[DATASET EXCERPT — start]

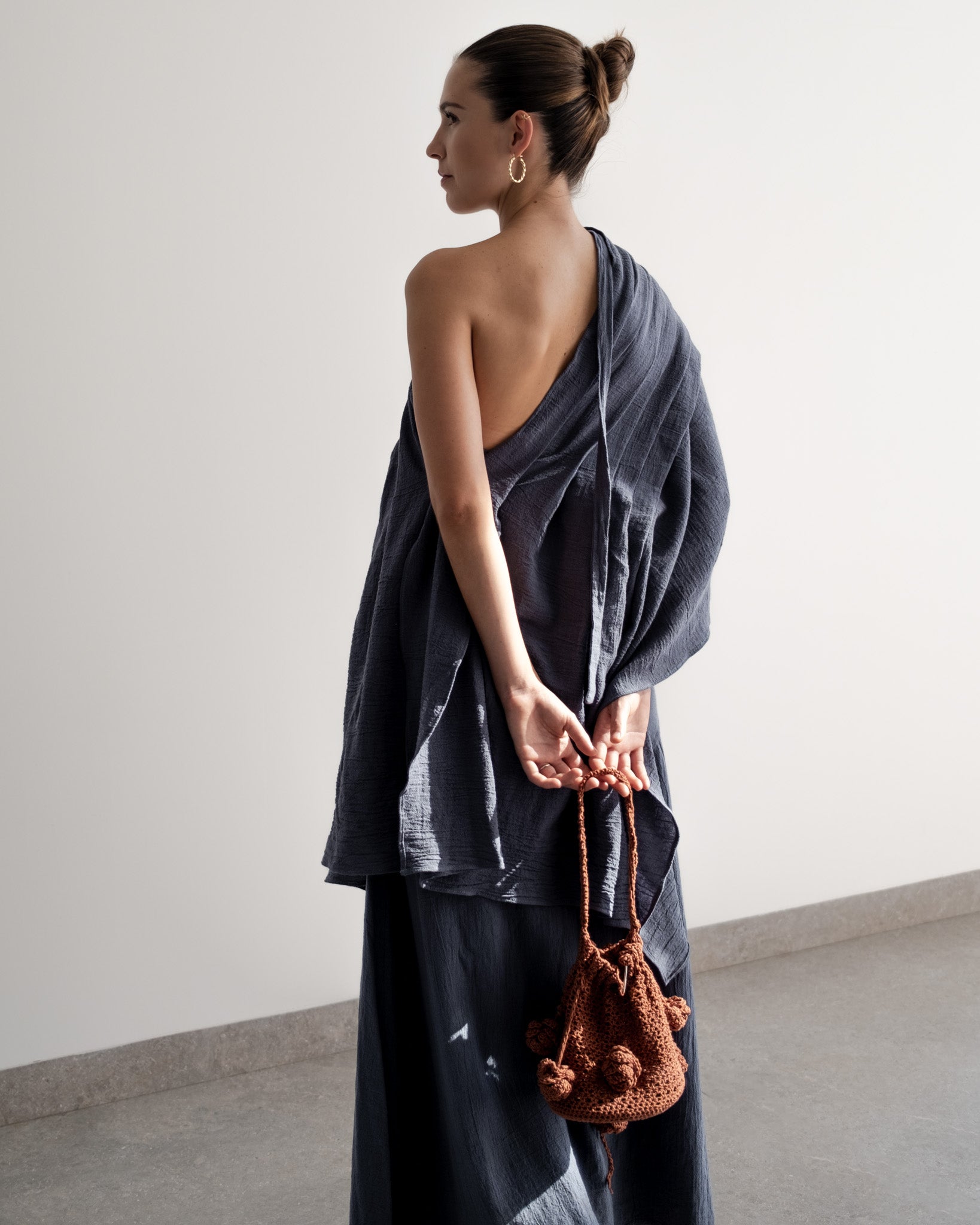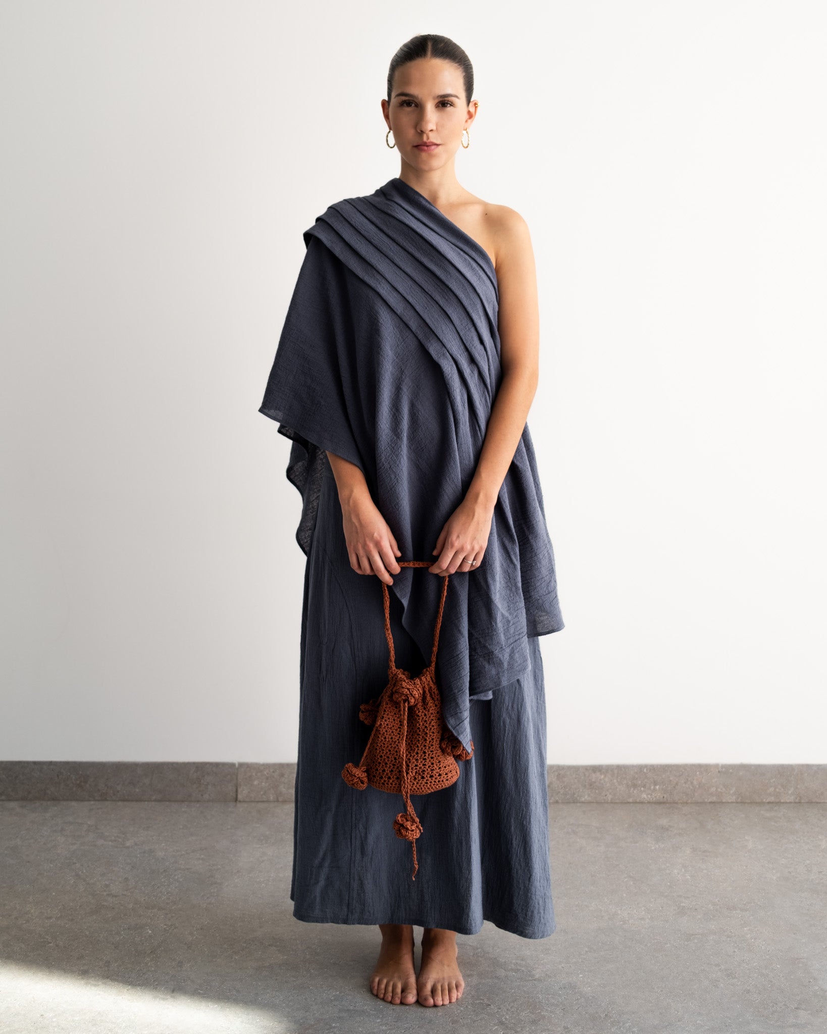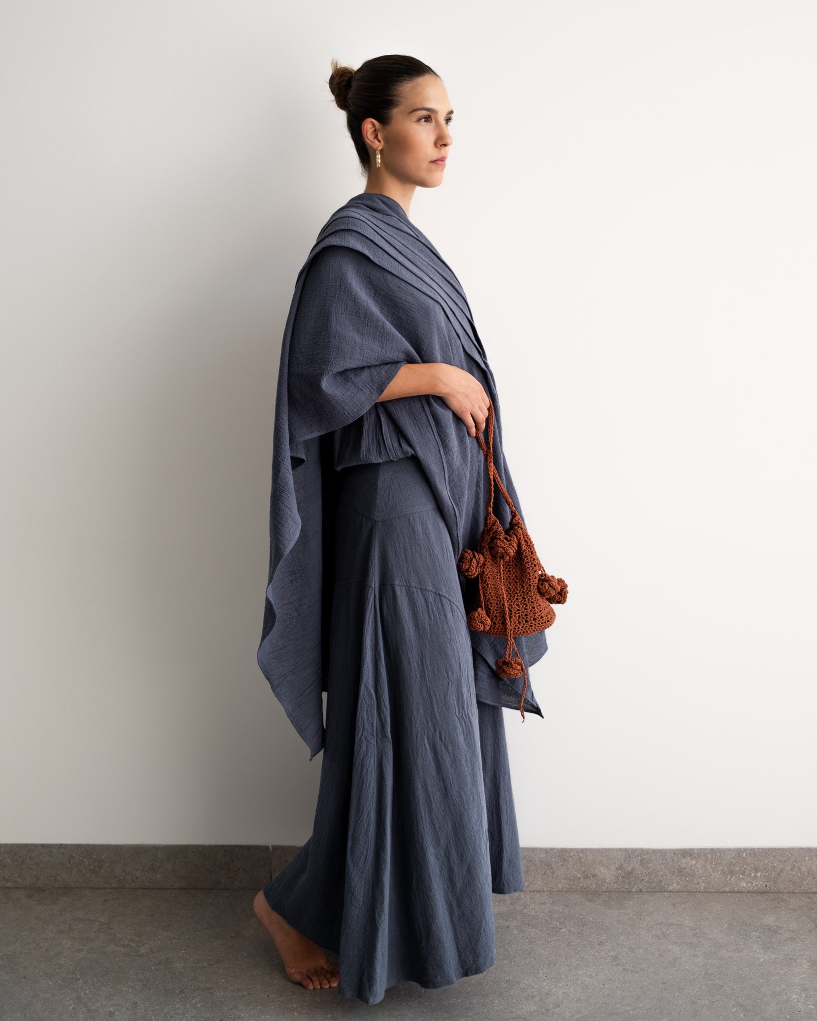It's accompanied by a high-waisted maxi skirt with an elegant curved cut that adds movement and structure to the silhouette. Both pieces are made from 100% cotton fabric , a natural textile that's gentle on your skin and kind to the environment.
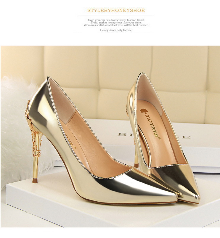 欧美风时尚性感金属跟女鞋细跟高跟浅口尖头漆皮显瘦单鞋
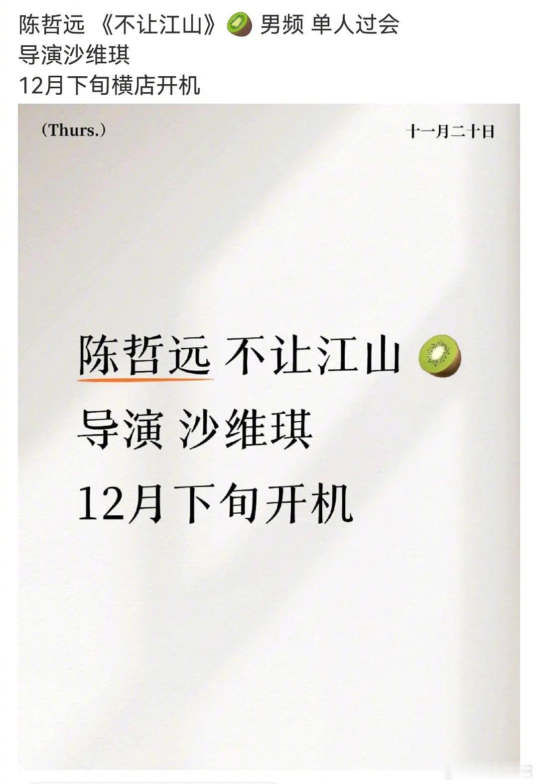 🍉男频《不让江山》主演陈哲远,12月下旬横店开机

[DATASET EXCERPT — finish]

▶ **WHAT THE EXERCISE ASKS**
Print the data again, word for word, without any pictures.

▶ **EXERCISE SOLUTION**
It's accompanied by a high-waisted maxi skirt with an elegant curved cut that adds movement and structure to the silhouette. Both pieces are made from 100% cotton fabric , a natural textile that's gentle on your skin and kind to the environment.
 欧美风时尚性感金属跟女鞋细跟高跟浅口尖头漆皮显瘦单鞋
 🍉男频《不让江山》主演陈哲远,12月下旬横店开机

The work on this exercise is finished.